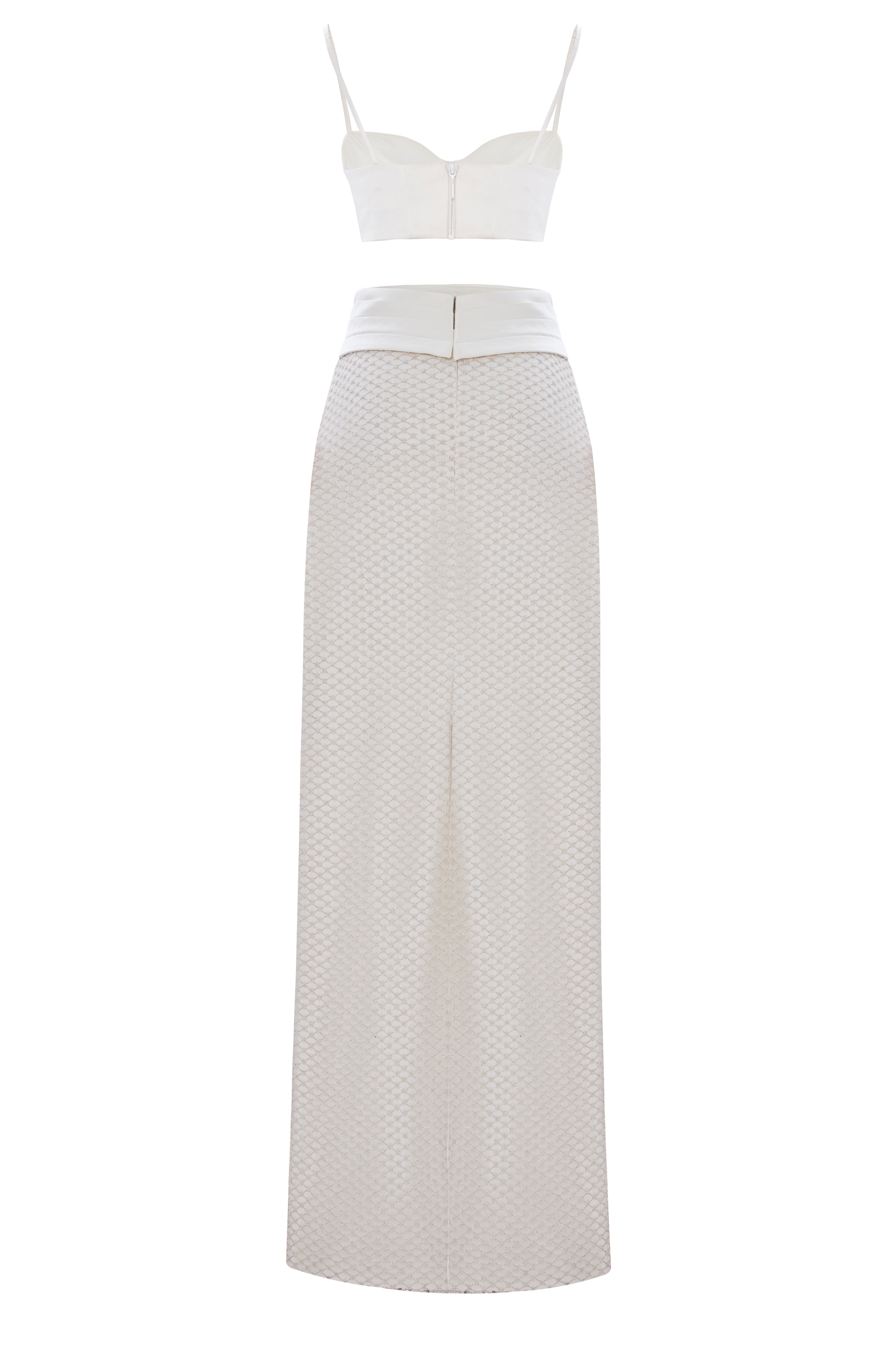 Paired perfectly with the top, the skirt showcases a satin tuxedo belt that cinches at the waist, enhancing your silhouette. The skirt is adorned with pearl and glitter tulle, creating a mesmerizing texture and a subtle shimmer that catches the light beautifully.
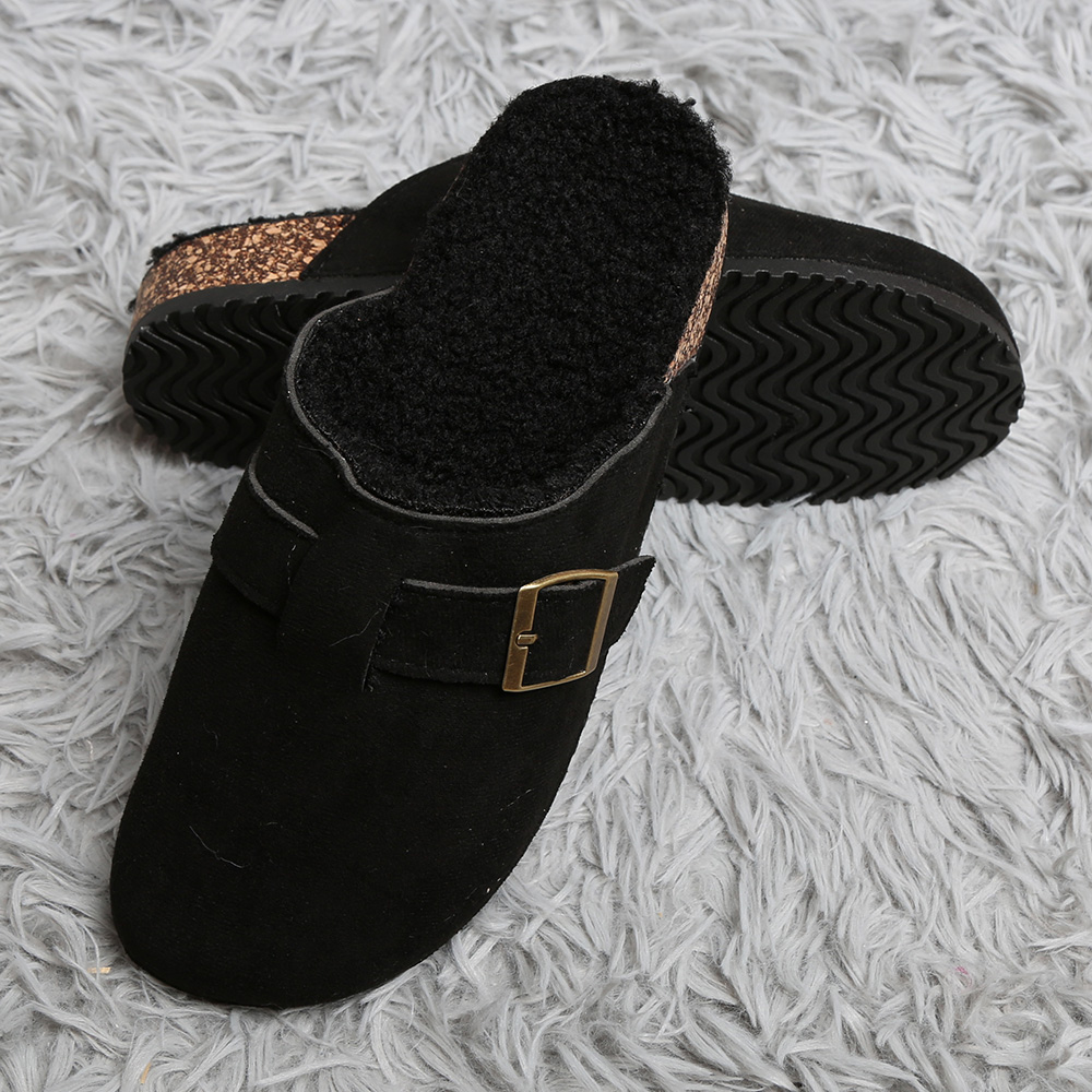 Solid Faux Fur Suede Buckle Mule Clog Slippers
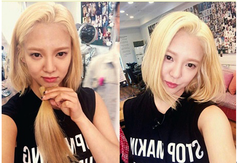 데뷔 이후로 처음 금발로 변신한 윤아와 단발로 변신한 효연..
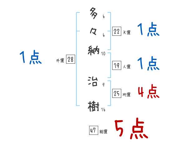 総運![]() | 多々納治樹さんの総運は47画の5つ星!実力が開花し発展する円満な人生。財に恵まれる。 あなたの人生を表す1番重要な運勢です。生涯を通じて影響する総合運となり、主に50歳以降の晩年期に影響を及ぼします。 |
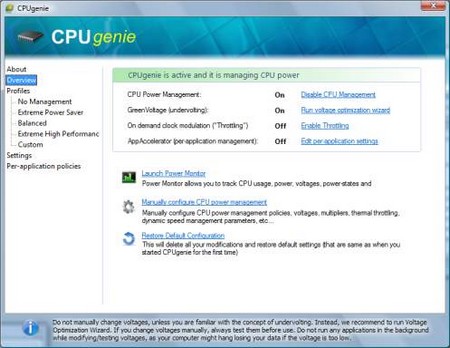 Nếu như bạn muốn có sự tiện lợi của CPUGenie nhưng lại thích sự miễn phí của RMClock/CrystalCPUID, bạn có thể sử dụng CPUGenie để tìm ra mức Vcore tối ưu cho CPU của mình, sau đó sử dụng RMClock/CrystalCPUID để thiết lập mức Vcore tương ứng. Tiện cả đôi đường phải không? Nhưng giải pháp này vẫn chịu các hạn chế của RMClock/CrystalCPUID, trong đó có việc hỗ trợ hạn chế CPU đời mới và không hỗ trợ tốt các hệ điều hành mới.
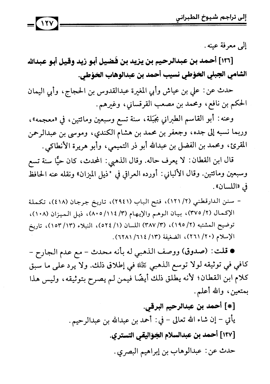 [126] أحمد بن عبد الرحيم بن يزيد بن فضيل أبو زيد وقيل أبو عبد الله الشامي الجبلي الحوطي نسيب أحمد بن عبد الوهاب الحوطي.
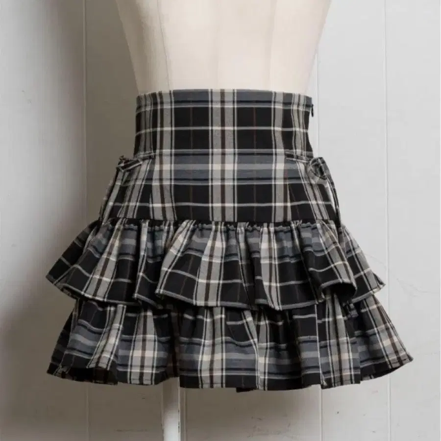 pium 사이드 리본 캉캉 스커트 브라운 체크
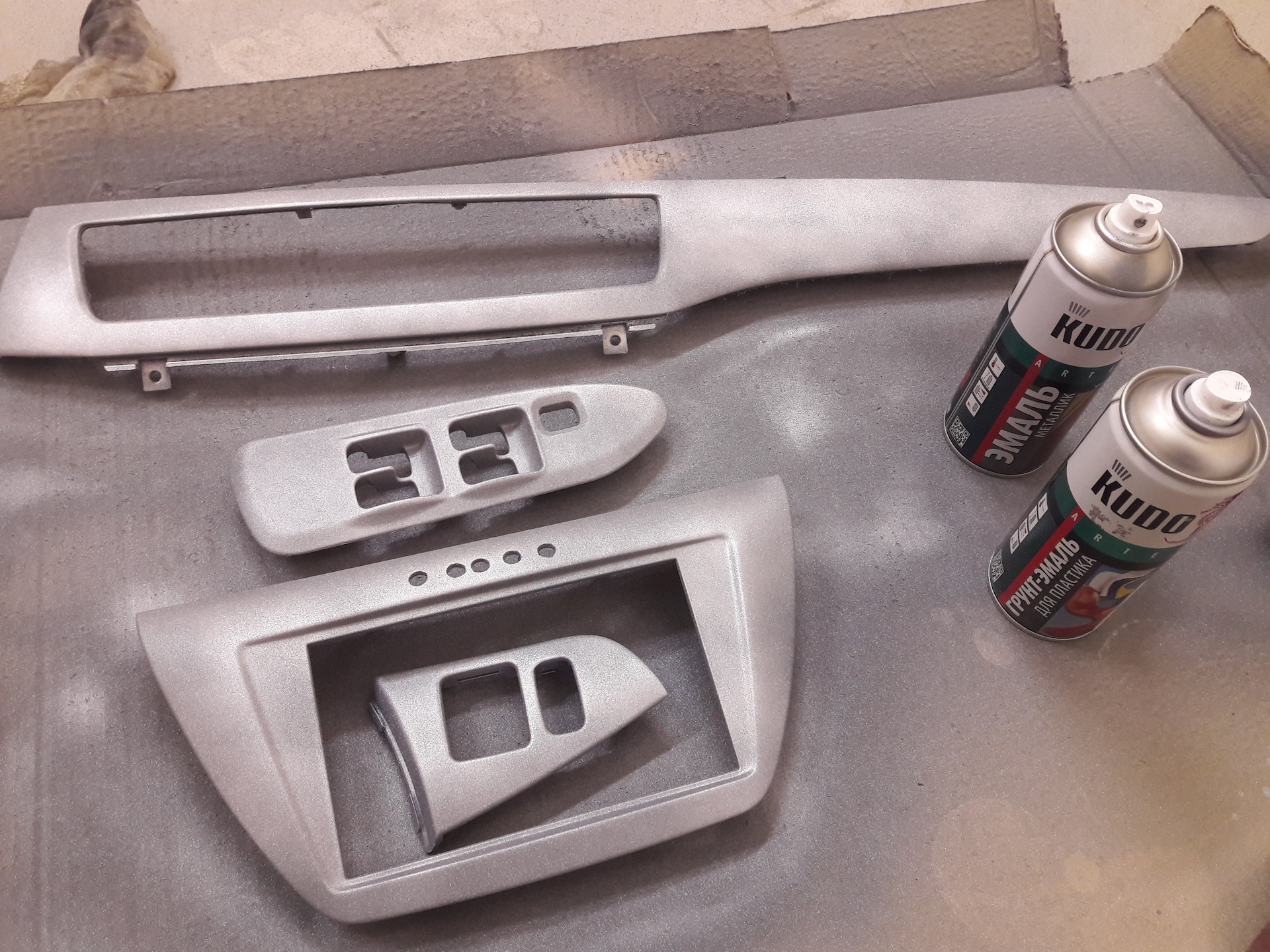Обезжирил (вместе с заводской краской обезжириватель снял слой пластмассы, загрунтлвал, взбрызнул серебристым металиком и залил лаком…
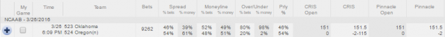 Betting line usually shows current odds or moneyline, point spread (handicap) and total for a particular event. For example we can have a line like this:
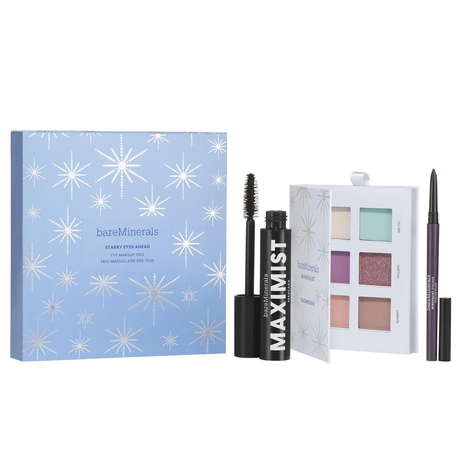 Creëer de meest uiteenlopende feestlooks met dit feestelijke fullsize oogtrio bestaande uit een gloednieuw limited-edition oogschaduwpalet met supercoole kleuren, ons oogpotlood met mineralen in een nieuwe intense pruimkleur en onze nieuwe volumemascara.
====
Please output only the lines running from the one that holds "Nếu như bạn" through the last line of the entries, both ends included, without any images.

 Nếu như bạn muốn có sự tiện lợi của CPUGenie nhưng lại thích sự miễn phí của RMClock/CrystalCPUID, bạn có thể sử dụng CPUGenie để tìm ra mức Vcore tối ưu cho CPU của mình, sau đó sử dụng RMClock/CrystalCPUID để thiết lập mức Vcore tương ứng. Tiện cả đôi đường phải không? Nhưng giải pháp này vẫn chịu các hạn chế của RMClock/CrystalCPUID, trong đó có việc hỗ trợ hạn chế CPU đời mới và không hỗ trợ tốt các hệ điều hành mới.
 [126] أحمد بن عبد الرحيم بن يزيد بن فضيل أبو زيد وقيل أبو عبد الله الشامي الجبلي الحوطي نسيب أحمد بن عبد الوهاب الحوطي.
 pium 사이드 리본 캉캉 스커트 브라운 체크
Обезжирил (вместе с заводской краской обезжириватель снял слой пластмассы, загрунтлвал, взбрызнул серебристым металиком и залил лаком…
 Betting line usually shows current odds or moneyline, point spread (handicap) and total for a particular event. For example we can have a line like this:
 Creëer de meest uiteenlopende feestlooks met dit feestelijke fullsize oogtrio bestaande uit een gloednieuw limited-edition oogschaduwpalet met supercoole kleuren, ons oogpotlood met mineralen in een nieuwe intense pruimkleur en onze nieuwe volumemascara.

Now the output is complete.